Product Review – Essential Cuisine Stock

One of the most basic, yet most important ingredients in any kitchen has to be Stock.

From Gravy to Soup, Sauce to Stew, a good quality stock is the base of so many great dishes, yet far too often its an ingredient that is overlooked or taken for granted.

Now I love nothing more than to cook with a stock that I have produced myself. Slowly cooking out the bones to produce a flavoursome broth that makes the most beautiful Gravy, but lets face it, who on a Wednesday night at home, has time to produce a beef stock with which to make a cottage pie?!

For years, Essential Cuisine has been supplying the catering trade with good quality stock mixes and now one of their newest ingredients is available to the home cook. I was sent a pack of four stock concentrates, 1 each of their Beef, Chicken, Lamb and Vegetable Stock, so that I could review them for this blog.


The stocks come as individual 150ml bottles at around £3.45 each, or as a complete pack of 4 at £13.50. They have a shelf life of 4 months, although I can hardly see them lasting that long as they are just so versatile.


I started off my test with the Vegetable Stock. adding 4 teaspoons (20ml) of the concentrate to a litre of water with diced potato, carrot, swede and coriander. Within 30 mins I had produced a rich and flavoursome vegetable soup. It needed no other seasoning other than a little pepper. I’m not usually a big Vegetable Stock person, however I have to say this was a tasty treat.



Next I made up a Red Wine Jus to go with a Lamb Dish. Rather than adding stock to the Jus and reducing further, I simply added the Lamb Stock Concentrate directly into the reduction. Not only was it perfect to drizzle over my dish, but it was also quicker than having to reduce it even further. I can really see the concentrates being added to loads of dishes in the future, including Spaghetti Bolognese and cottage pie, with just a simple squirt adding a new depth of flavour, with no hassle whatsoever.


Fondant Potatoes

Another dish that I really love to make is Fondant Potatoes. Those soft and buttery spuds, bursting with flavour, having been slow cooked in stock.
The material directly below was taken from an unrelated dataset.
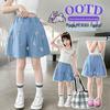 Shorts Jeans Feminino Verão Roupa Externa Infantil Estilo Coreano Estilo Princesa Soltos Hot Pants Shorts Finos para Crianças Maiores

Like so many dishes, the quality of stock really makes a difference to the taste of this final dish and in the past I have found many stock cubes/’pots’ to be un-natural tasting and quite salty.

To make the perfect Fondant Potato I simply cut the potatoes into cylinders, soak to remove excess starch and then pat dry.

I melt 25g of butter with a little rapeseed oil (The oil helps to prevent the butter from burning)


When the butter is frothing gently, place the potatoes into the pan and cook gently for 10 mins.

While cooking place 2 teaspoons of Essential Cuisine Chicken Stock into 150ml of hot water.


Turn the potatoes and spoon the butter over the top of the potatoes – they should be golden brown on top.

Add the stock into the pan and place the whole dish into a preheated oven at 180 deg (Fan) for 30 mins.

Serve immediately for a soft, indulgent and full of flavour potato.

Chicken Orzo

Orzo is a small pasta which resembles a large grain of rice, used in Greek Dishes such as Youvetsi (A Greek Stew), it’s flavour is dependant on a good stock, not too different to a Risotto.


Brown some Chicken Thighs and put to one side, Fry off some Onion and Garlic and add the browned chicken, add Cherry Tomato’s and mix through. Add 100ml of stock (I’ve made up 400 ml of stock using 400ml of water and 4 teaspoon of Essential Cuisine Chicken Stock)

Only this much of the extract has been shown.